Archaic period in Greece Dipylon Vase of the late Geometric period, or the beginning of the Archaic period, c. In the 8th century BC, Greece began to emerge from the Dark Ages which followed the fall of the Mycenaean civilization. Literacy had been lost and Mycenaean script forgotten, but the Greeks adopted the Phoenician alphabetmodifying it to create the Greek alphabet.
At Ancient greek city states center of each city-state was a powerful city. The city ruled the lands and area around it. Sometimes it also ruled smaller less-powerful cities. The Greek name for a city-state was "polis".
Each city-state, or polis, had its own government.
Some city states were monarchies ruled by kings or tyrants. Others were oligarchies ruled by a few powerful men on councils. The city of Athens invented the government of democracy and was ruled by the people for many years. The two most powerful and famous city-states were Athens and Spartabut there were other important and influential city-states in the history of Ancient Greece.
Here are a few examples: Corinth Corinth was a trade city in an ideal location that allowed it to have two seaports, one on the Saronic Gulf and one on the Corinthian Gulf.
As a result, the city was one of the wealthiest cities in Ancient Greece. The Corinthians developed their own coins and required that traders use them when in their city.
Corinth is perhaps most famous for its architecture. The Corinthians developed the Corinthian order of Greek architecture which is the third major form of classical Greek architecture along with the Doric and Ionic.
The government of Corinth was a monarchy ruled by a king. Corinth provided soldiers to the Greeks during the Persian Wars. They also allied with Sparta against Athens in the Peloponnesian War.
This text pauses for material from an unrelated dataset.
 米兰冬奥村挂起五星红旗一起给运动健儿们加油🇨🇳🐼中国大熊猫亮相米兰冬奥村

Thebes Thebes was a powerful city-state to the north of Corinth and Athens that was constantly switching sides in the various Greek wars.
During different times in history they allied with Athens against Sparta and then switched sides to ally with Sparta against Athens.
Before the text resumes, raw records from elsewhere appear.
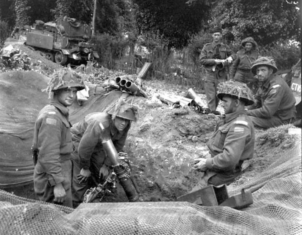 3-inch Mortar, Support Coy, The Regina Rifles, Bretteville-Orgueilleuse, France, 9 June 1944.
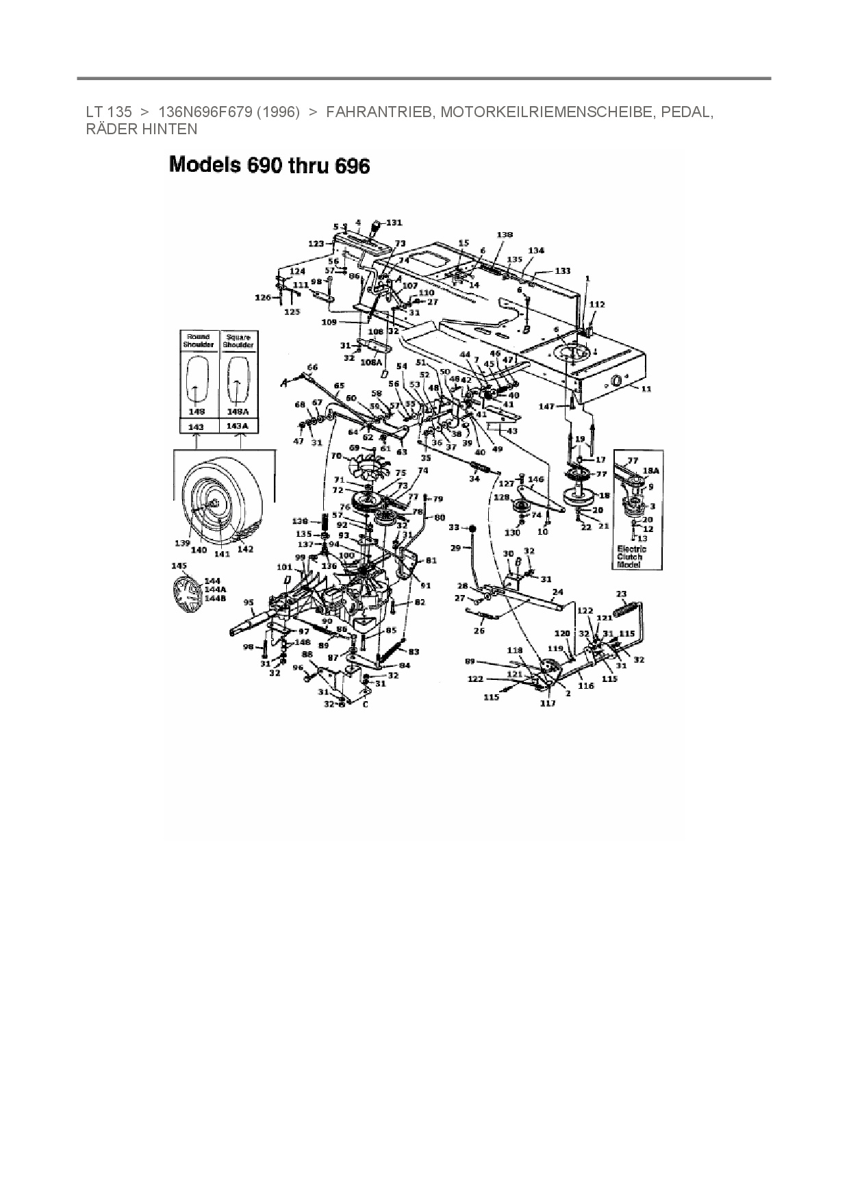 Ersatzteile für Rasentraktor White LT 135 aus der Zeichnung Fahrantrieb, Motorkeilriemenscheibe, Pedal, Räder hinten:
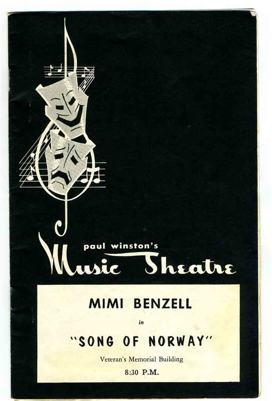A 12 page souvenir program and 16 page performance program in fine condition from a performance of Song of Norway from a Paul Winston's Music Theatre production in 1957 at Dayton and Columbus Ohio. Filled with photos of the production, stars and staff, with many biographies and the history of the production company. From 1957. Starring Mimi Benzel, Lawrence Brooks, Leon Janney and Margot Moser. Also Larry Blyth and Barry Burns.
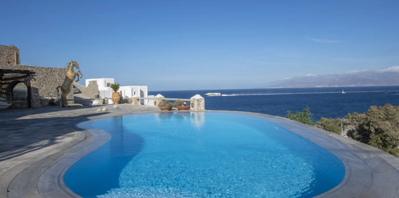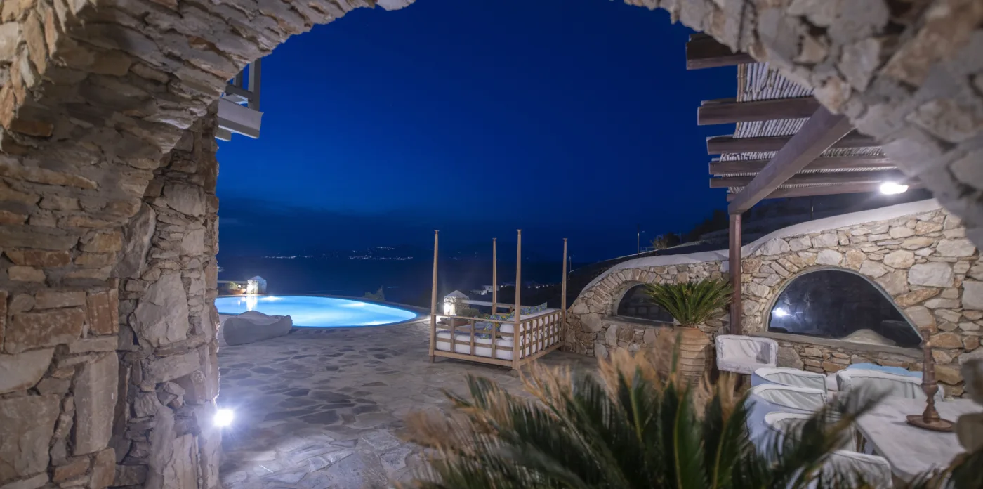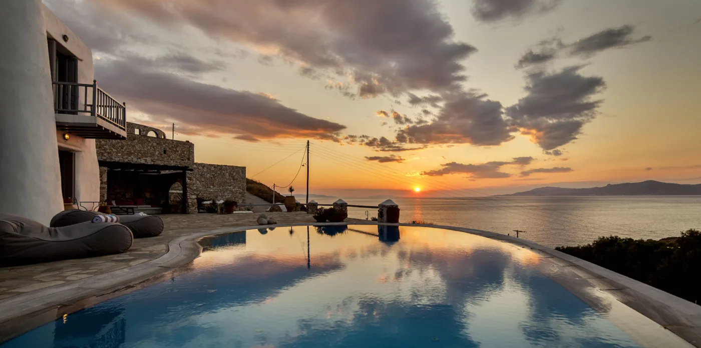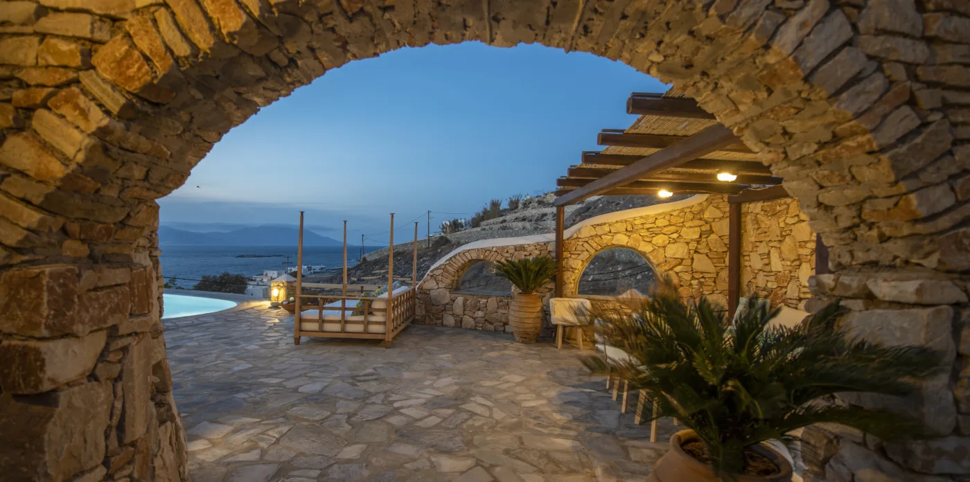 With sea and sunset views from every room, Mykonian Muse is comprised of two separate villas with unique architecture and a distinctive Mediterranean flair.

This put an end to the power of the Spartan city-state and set many of the Spartan slaves free. Thebes was famous in Greek legend and literature as well.
It is known as the birthplace of the Greek hero Hercules and played a major role in the stories of Oedipus and Dionysus. Also, perhaps the most famous Greek poet of the time, Pindar, lived in Thebes.
Argos Argos was one of the oldest city-states in Ancient Greece, but it first became a major power under the tyrant Pheidon during the 7th century BC. The land became dry and arid after the gods Hera and Poseidon had an argument over the city.
Hera won and became the patron of the city, but Poseidon got his revenge by drying out the land. Delphi Delphi was the religious center of the Greek city-states.
People from all over Ancient Greece visited the city to receive guidance from the famous Delphic oracle Pythia. During the classical Greek period the city became the shrine to the god Apollo after he slew the Python.
Delphi was also a center of the arts, education, literature, and trade. Located in the center of Greece, it was often called the "navel center of the world".
Delphi was also home to the Pythian Games, one of the most famous athletic competitions in early Greece. Rhodes The city-state of Rhodes was formed in BC on a Greek island when three smaller cities Ialyssos, Kamiros, and Lindos decided to unite and make one large city. The city was prosperous for hundreds of years due to its prime location as a trade port.
The city was famous for its shipbuilders as well as its giant statue called the Colossus of Rhodes. It was a statue of the Greek Titan Helios and it stood over feet high. Interesting Facts about the Greek City-State People living in Ancient Greece did not think of themselves as "Greek", but as citizens of their city-state.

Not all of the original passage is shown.